The expression of VD3-related molecules, including CYP27B1 and CYP24A1, and VDR has been previously described in adipose tissue (Abbas 2017). However, our current research demonstrates for the first time Cyp27b1, Cyp24a1 and Vdr mRNA expression as well as CYP27B1, CYP24A1 and VDR protein abundance and immunolocalization in rat POAT. In addition, we have found reduced 1,25(OH)2D3 concentration in POAT obtained from PCOS rats in comparison with control groups. Accordingly, rat POAT is a local site of VD3 metabolism. These results are consistent with previous studies showing the production of active VD3 by visceral and subcutaneous adipose tissue (Abbas 2017). The diminished amount of 1,25(OH)2D3 in POAT of letrozole-treated rats was probably due to the decreased Cyp27b1 mRNA expression and CYP27B1 protein abundance observed in this group. Notably, we did not find any changes in CYP24A1 and VDR expression at mRNA and protein level between studied groups. In adipose tissue, CYP27B1 level is lower in obese than lean women, whereas CYP24A1 expression does not differ between them (Wamberg et al. 2013) explaining obesity associated VD3 deficiency. This seems to apply to VD3 deficiency in PCOS accompanied by obesity. It is plausible that obese people degrade more VD3 in their adipose tissue via CYP24A1 than lean ones. Thus, these data could support the hypothesis of an increased catabolism of VD in obesity besides unchanged CYP24A1 expression (Vranić et al. 2019). Obesity results from the increase in adipocyte number and size (Abbas 2017). Herein we have noted adipocyte hypertrophy in letrozole-treated animals when compared with the control in diestrus, but not when compared with the proestrus control. There are discrepancies between literature reports on the effect of letrozole on adipocyte size in rats. One study revealed enlargement (Mannerås et al. 2007), while another found no change (Caldwell et al. 2014). It should be stressed that neither study was related to POAT.

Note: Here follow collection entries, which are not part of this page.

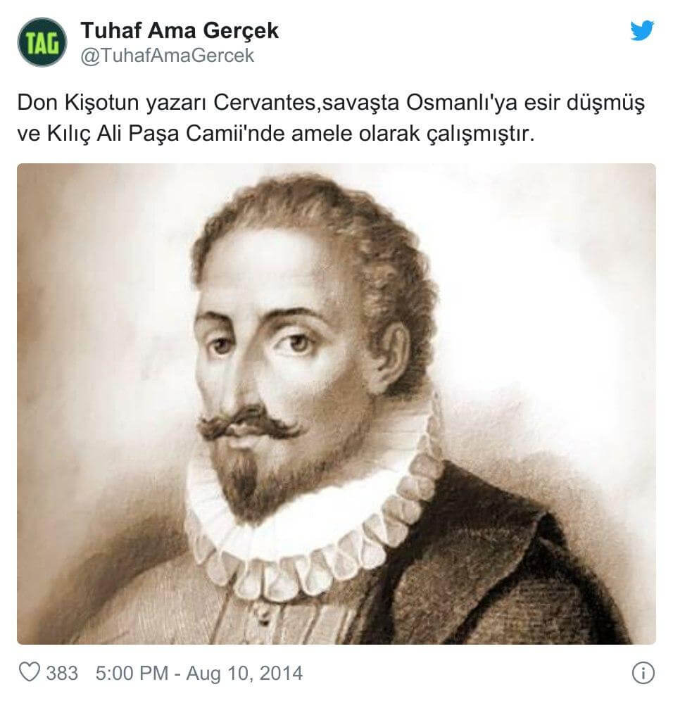 Don Kişot’un yazarı Cervantes, 1575’te İnebahtı savaşını kazanan Kılıç Ali Paşa tarafından esir alınıp İstanbul’a getirildikten sonra, Paşanın yaptırdığı Kılıç Ali Paşa camiinin inşaatında Mimar Sinan’ın emrinde işçi olarak çalışmıştır.”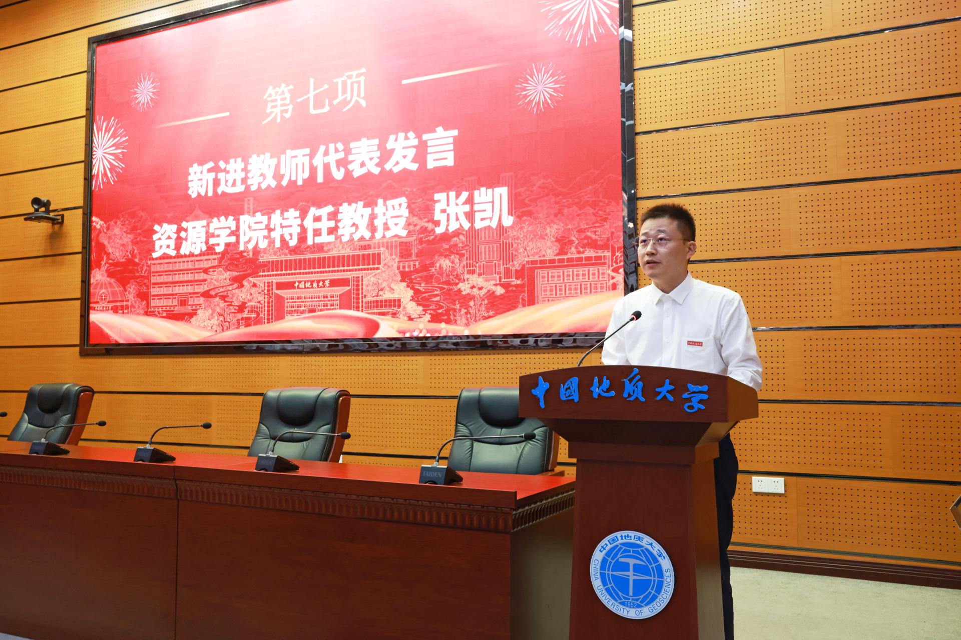 资源学院特任教授张凯作为新进教师代表发言。他分享了对地大“艰苦朴素、求真务实”校训精神和地大人“坚守初心,仰望未来”豪迈情怀的感想体会。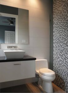 - Wall-mounted vanities for a clean, modern profile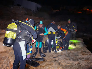 La primera nocturna del nou curs va ser el dia 21 de setembre. Aquesta vegada, vàrem començar a preparar-nos per la immersió que ja era ben fosc. Necessitàvem la llum de la llanterna per preparar l’equip.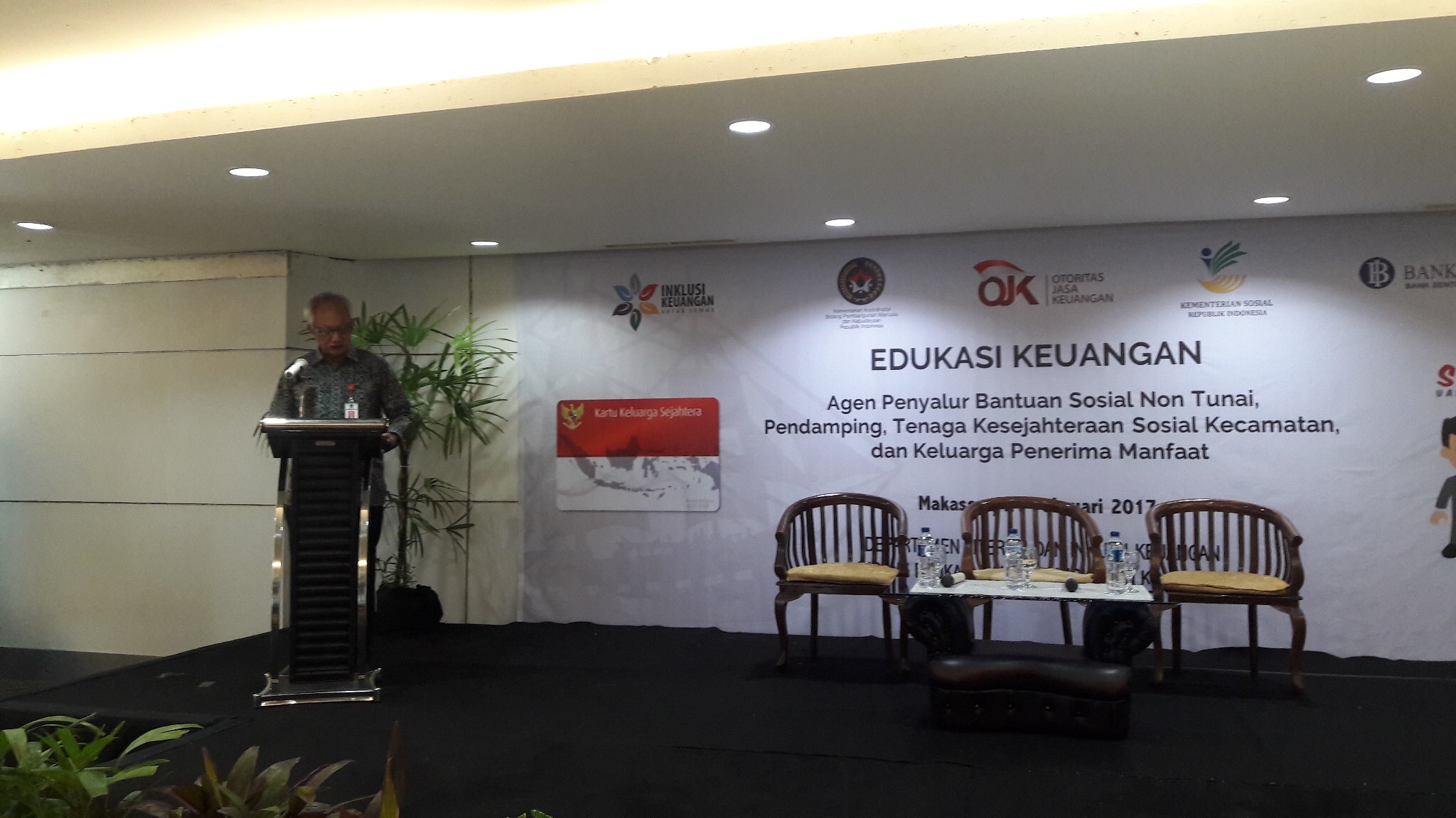 Makassar (21/02)--- Deputi bidang Koordinasi Penanggulangan Kemiskinan dan Perlindungan Sosial, Tb Achmad Choesni, pagi ini menjadi Pembicara Tamu di tengah forum Edukasi Keuangan bagi Penyalur BPNT, Pendamping dan Keluarga Penerima Manfaat (KPM) di gedung Graha Pena, Kota Makassar. Acara ini merupakan bentuk sosialisasi penyaluran BPNT dan sepenuhnya diselenggarakan oleh Otoritas Jasa Keuangan. Sosialisasi masif semacam ini sebelumnya telah diputuskan bersama dalam Rapat Tingkat Menteri tentang Bantuan Pangan Non Tunai (BPNT) pada 8 November 2016 lalu. OJK, Bank Indonesia, dan Kementerian Komunikasi dan Informasi diminta aktif menyosialisasikan program bantuan pangan bagi masyarakat berpenghasilan paling rendah lewat hasil desain ulang ini.

In conclusion, our results provide novel evidence of disrupted VD3 metabolism in the ovary and POAT of rats with induced PCOS. The reduced 1,25(OH)2D3 concentration in those tissues suggests that they contribute to the VD3 deficiency observed in PCOS and might be implicated in PCOS pathogenesis. Furthermore, the letrozole-induced PCOS rat model exhibiting decreased 25OHD plasma level may be valuable for further studies on the role of VD3 deficiency in this reproductive disorder.